I was in Edinburgh at the festival seeing all these shows, but down the road in Glasgow was this big hit show. I fell in love with it and we brought it to the West End, opening to the most incredible reviews. At the time, Isobel was directing it and starring in it, playing Darcy and Mrs. Bennet, as well as having written it!
Three weeks later, the country went into lockdown and sadly we were closed. It was bittersweet because we had these wonderful reviews with full houses, but then people couldn’t come! And then Isobel won the Olivier Award, and then the Evening Standard Award, so we went out on tour as soon as we could.
So why Newcastle? What made you think we MUST create the new show here?
David: One of the dates that we came to on our UK tour was Newcastle’s Theatre Royal, and one night, early on in the week, Isobel was leaving the stage door and people were coming up to say, “You've got to come back, we want to come again but it's sold out”. So we knew we've got to come back here.
Isobel: Absolutely, as an ensemble you're going city to city, week after week. You have good shows and bad shows, and some audiences really get it and some don't. But in Newcastle, immediately, there was this connection with all the material, what the show stood for and what we as artists always look for in the creative community – generosity and everybody really backing each other.
We were meeting young, up-and-coming stand-up comics, many of them women, and with the show being an all-female ensemble it really chimed with everybody here. People might not know Pride and Prejudice that well, but I always thought it was a story that I couldn't really connect with, because it's not necessarily about relatable themes or normal people.
But our adaptation comes from the point of view of the servants and it's actually much more in the tradition of things like variety and music hall, which this city has such a rich tradition of. The planets really aligned when we brought a show like that to Newcastle. The performances were electric and we just left every time wanting to come back. Knowing that the audience felt that way too just felt really undeniable.
So you’re both very familiar with the city already?
David: There’s a connection with Newcastle because when this first started after the trial in Glasgow, it came to another theatre in the city, Northern Stage.
Isobel: Yeah, I stayed in a beautiful Tyneside flat and it was so welcoming, like we could have stayed there forever! It was a sense of immediately having neighbours, immediately being part of a community. I feel much more of a kinship with communities or urban spaces, however big they are, where everybody's business is everybody else's business.

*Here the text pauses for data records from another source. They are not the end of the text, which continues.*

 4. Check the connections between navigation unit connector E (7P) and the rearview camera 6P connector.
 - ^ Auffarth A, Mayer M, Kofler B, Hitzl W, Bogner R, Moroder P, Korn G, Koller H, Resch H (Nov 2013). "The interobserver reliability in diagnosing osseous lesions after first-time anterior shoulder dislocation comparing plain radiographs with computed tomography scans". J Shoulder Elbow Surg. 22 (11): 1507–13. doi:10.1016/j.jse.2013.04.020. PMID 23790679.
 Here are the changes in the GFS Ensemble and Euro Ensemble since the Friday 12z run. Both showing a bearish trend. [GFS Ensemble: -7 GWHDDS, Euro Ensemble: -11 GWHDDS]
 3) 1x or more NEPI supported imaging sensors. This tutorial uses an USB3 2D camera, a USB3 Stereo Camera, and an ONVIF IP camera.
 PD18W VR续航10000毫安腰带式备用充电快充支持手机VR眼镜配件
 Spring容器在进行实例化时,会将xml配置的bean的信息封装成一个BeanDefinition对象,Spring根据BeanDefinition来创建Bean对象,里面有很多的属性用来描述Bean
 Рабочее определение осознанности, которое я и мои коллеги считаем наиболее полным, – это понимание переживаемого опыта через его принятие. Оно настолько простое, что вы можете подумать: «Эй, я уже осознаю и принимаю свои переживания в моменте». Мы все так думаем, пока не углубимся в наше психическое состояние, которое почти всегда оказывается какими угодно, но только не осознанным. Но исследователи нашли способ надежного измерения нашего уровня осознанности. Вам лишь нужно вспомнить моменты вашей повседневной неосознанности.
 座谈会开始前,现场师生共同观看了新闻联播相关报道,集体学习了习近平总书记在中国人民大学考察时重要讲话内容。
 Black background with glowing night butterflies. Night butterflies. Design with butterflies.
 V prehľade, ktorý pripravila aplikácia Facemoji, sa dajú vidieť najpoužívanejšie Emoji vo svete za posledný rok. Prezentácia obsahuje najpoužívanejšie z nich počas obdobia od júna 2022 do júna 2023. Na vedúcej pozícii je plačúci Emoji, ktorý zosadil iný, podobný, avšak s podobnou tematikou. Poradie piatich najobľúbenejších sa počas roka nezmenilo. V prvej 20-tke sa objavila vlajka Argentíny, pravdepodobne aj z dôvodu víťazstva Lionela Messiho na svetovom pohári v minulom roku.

David: I had a very long-standing relationship, not just with this city, but with Theatre Royal. Then, Marianne Locatori (Chief Executive of Newcastle Theatre Royal) came here and I knew her from when she was at Plymouth. So there's me ringing Marianne saying, okay, if I was to do another tour, could we come back for a week? And she said yes, of course, but why don't you start it here? Then, because I knew Isobel loved it so much, I said why don't we do, not a ‘Geordie production’, but a production for Newcastle?

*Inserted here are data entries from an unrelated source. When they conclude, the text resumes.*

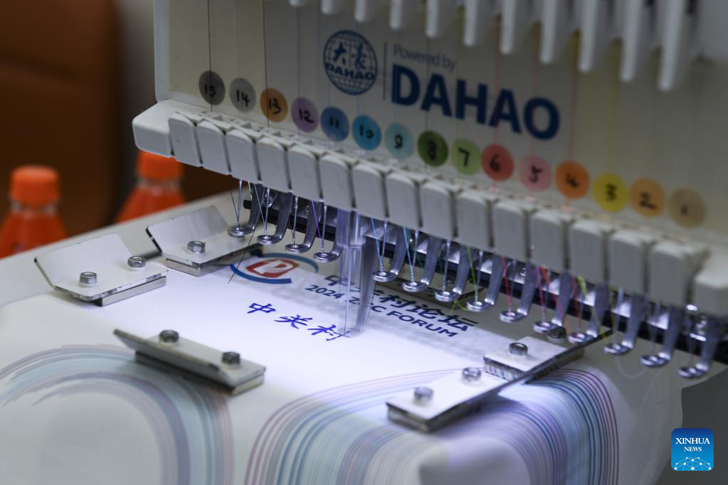 This photo shows an intelligent embroidery machine at the Zhongguancun International Innovation Center, new venue for Zhongguancun Forum (ZGC Forum), in Beijing, capital of China, April 24, 2024. Themed "Innovation: Building a Better World," this year's ZGC Forum is to be held at Zhongguancun International Innovation Center for the first time in Beijing from April 25 to 29. (Xinhua/Chen Zhonghao)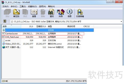 4、 用WinRAR打开后可见两个文件框,上方为cs应用程序,下方为汉化插件。安装时需先装应用程序再装插件,问题正出在这个顺序上。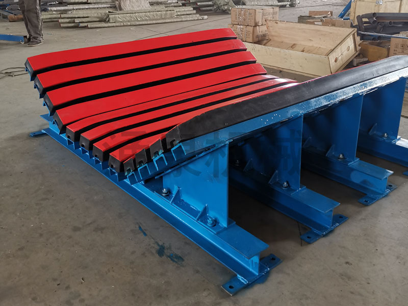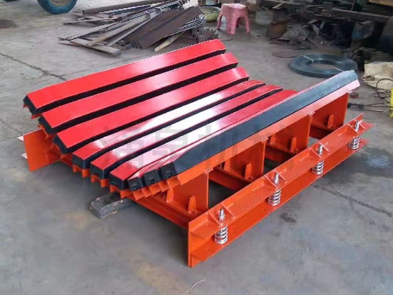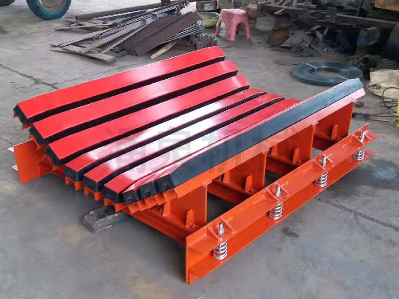 隨著對煤炭生產(chǎn)的安全性、經(jīng)濟性認識的進一步提高,對皮帶運輸機的要求也就越高,而膠帶在整個皮帶機中又是重中之重。在落料口傳統(tǒng)上采用緩沖托輥對膠帶進行保護,而緩沖托輥存在轉(zhuǎn)動件多、維護量大;大塊物料易卡死;沖擊面小等不足。我公司研制開發(fā)的緩沖床就克服了以上缺陷,保證了輸送帶的面與面接觸,支撐面積大,受力均勻,能有效減少皮帶松垂和物料灑落,同時有效防止了由于托輥斷裂、脫落造成的皮帶縱向撕裂,降低了皮帶被銳器或尖銳物料穿透后的撕裂概率。緩沖床沒有運動部件,無需例行維護,有效降低了輸送帶的運行成本。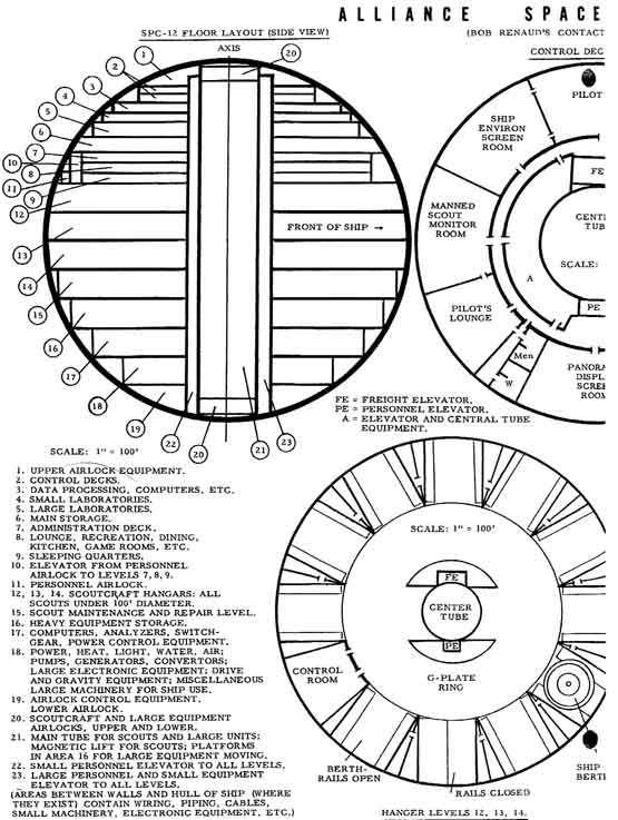 They rose to a kind of carrier-ship with a tubular hangar inside with a hundred feet (30m)in diameter and (later told) 550 feet (16,5km) in length! A good sized tubular scout carrier could be parked in that great shaft!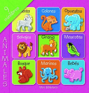 Estuche que contiene 9 pequeños libritos de cartón, ilustrados a todo color, con una palabra en cada página, para que los más pequeños puedan ir ampliando su vocabulario.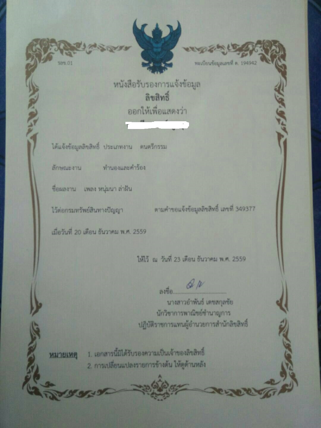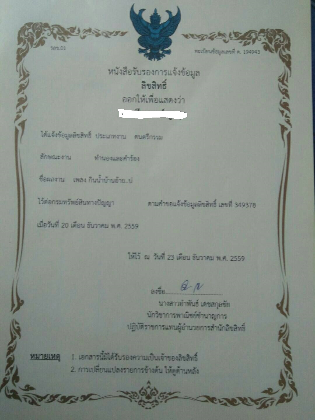 เมื่อไม่นานมานี้ ได้มีคนที่พ่อแต่งเพลงให้ร้อง ด้วยความสนิทสนมกันนำเอาเพลงไปจดลิขสิทธิ์ในชื่อของตัวเอง แถมยังส่งเอกสารมาให้เราด้วย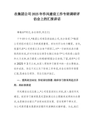 在集团公司2025年作风建设工作专班调研评估会上的汇报讲话

I can't think of anything nicer than to work with Newcastle Theatre Royal again. But it also means Newcastle is the production. After our run here, we'll be touring around the country over 40 weeks, and everybody who comes to see it will know that this show started here in Newcastle, celebrating everything that's here.
So what makes this Newcastle production different?

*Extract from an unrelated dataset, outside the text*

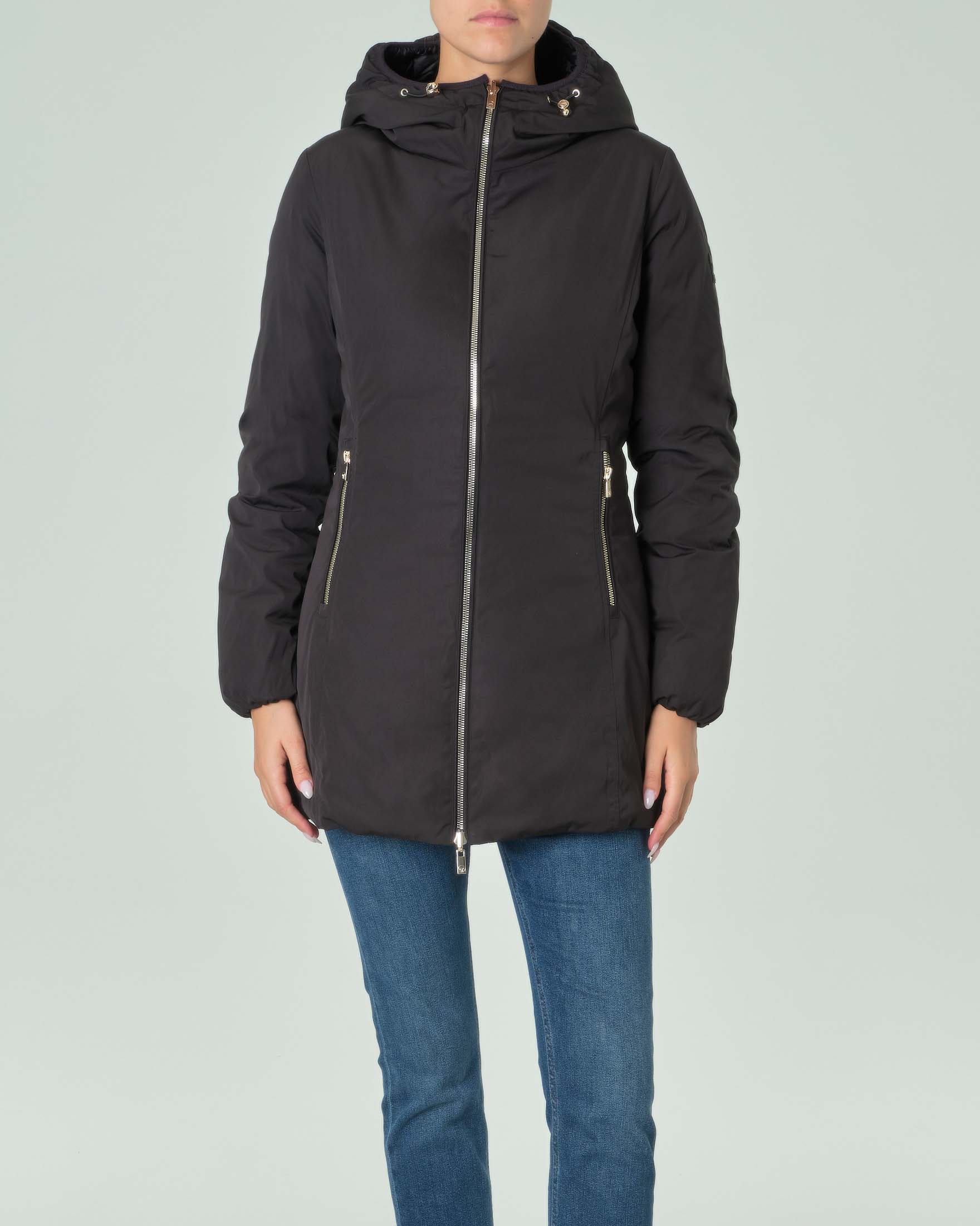 Piumino Kalie nero lunghezza media reversibile in tessuto liscio e

David: We sat there thinking about things we could replace from the original production. There's a wonderful gag about Irn Bru, which works well in Glasgow, but Newcastle Brown Ale could work here. Isobel had a great Greggs gag in her mind this morning.
But it's basically a very true rendition of Jane Austen’s book, made much more open by the five actresses who will play all the different parts. Isobel has named them and given them life, so they tell the story and play all the different parts. I've done a lot of productions where the actors come on stage and then sit in their dressing rooms for 20 minutes, but these actors never leave the stage because they're in the wings changing costumes! One minute she's Mary Bennet, then she's Lydia Bennet, then she's Reverend Collins.
And the only place we're auditioning for the cast, apart from London, is here in Newcastle in a month's time and we’ll rehearse here too. So we want to find the talent, start it here, prime it in this theatre, enjoy the town when we're here for over a month. And then take Newcastle around the country with us, and we're rather proud to do that. Because this town should be celebrated, the talent should be celebrated. And this beautiful theatre should be celebrated.
How important is it to you to harness local talent in the region?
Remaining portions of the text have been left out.